Re: Pod as shorthand for XML

Adam Turoff Fri, 04 Jan 2002 08:11:18 -0800

Sorry this is so long.  This idea comes up every so often, and I don't
remember the last it was possible to lay all the issues on the table in
a single message.

On Thu, Jan 03, 2002 at 02:03:48PM -0700, Sean M. Burke wrote:
> So I've been thinking many Deep Thoughts lately about Pod.
> 
> I have competing goals in the design of Pod as a document format: 

OK.

> The first and foremost goal is the absolute requirement that Pod be
> sufficient for easily writing text documentation, and that its semantics be
> simple enough for all its constructs to be easily translatable into any
> sane markup language or typesetting system. 

OK.  

> The second goal is that Pod be extensible enough that you could use it as a
> sort of "Huffman-coding for XML" [...]

Er, um, uh, why?  And which definition of XML are you using?  The simple
definition of a well-formed tagged document where block and inline tags
are conflated, or the whole big tur^Wshiny ball of metal that includes
schemata, hyperlinking, namespaces and whatnot?
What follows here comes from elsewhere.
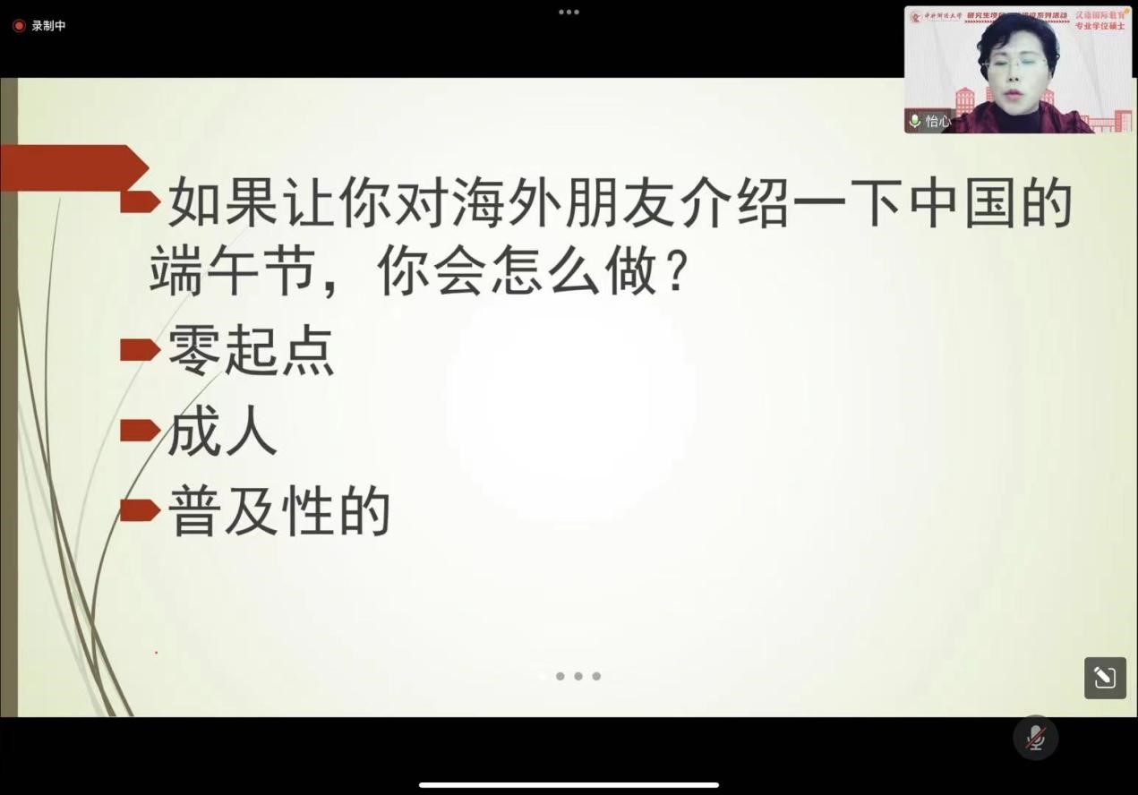 原绍锋教授以“向海外朋友介绍中国端午节”为主题,通过30分钟的公开课,向大家讲解了如何给海外留学生介绍中国传统节日的相关内容,深入浅出地分析了中国文化教学和传播的方法与注意事项。

It would be really nice if the second didn't induce carpal tunnel
syndrome.

It would be sufficient if the first was explicitly targeted as an goal
for an extension of Pod.

It would be an interesting hack to target the second goal, but one that
would probably never be adopted outside a small group of extremists (see
http://www.yaml.org, sml-dev, etc.).

Getting back to the first goal, remember that Pod is a *formatting*
language, and XML is simply a grammar.  Yes, a grammar, not a format.

The ideal use case for XML begins with an XML vocabulary that completely
divorces structure from presentation, and forces presentation to be
handled by Some Other Program(tm).  Here, Pod is like HTML, *TeX and
*roff, but only less so.  It's a good lowest common denominator format
that is roughly interchangeable between these other formats.

But Pod's greatest strength is also it's greatest weakness:

        =head1 Author and Copyright Information

        Copyright (c) 1997-1999 Tom Christiansen and Nathan Torkington.
        All rights reserved.

        [...]

Or even this:

        =head1 SYNOPSIS

        B<perl> S<[ B<-sTuU> ]> S<[ B<-hv> ] [ B<-V>[:I<configvar>] ]>
            S<[ B<-cw> ] [ B<-d>[:I<debugger>] ] [ B<-D>[I<number/list>] ]>
            S<[ B<-pna> ] [ B<-F>I<pattern> ] [ B<-l>[I<octal>] ] [ B<-0>[I<octal>] ]>
            S<[ B<-I>I<dir> ] [ B<-m>[B<->]I<module> ] [ B<-M>[B<->]I<'module...'> ]>
            S<[ B<-P> ]> S<[ B<-S> ]> S<[ B<-x>[I<dir>] ]>
            S<[ B<-i>[I<extension>] ]> S<[ B<-e> I<'command'> ]
            [ B<--> ] [ I<programfile> ] [ I<argument> ]...>

Keep in mind that Pod is designed to communicate directly to a human
audience via a formatting system of some type.  Ideally, a Huffman coded
XML version of these documents would allow the author to specify:

        - who are the authors?
        - where can they be contacted?
        - when was the document copyrighted?
        - under what terms the document was copyrighted? (GPL, LGPL, AL)
        - what is being protected by this copyright statement? (this
          document?  a module?  a distribution?)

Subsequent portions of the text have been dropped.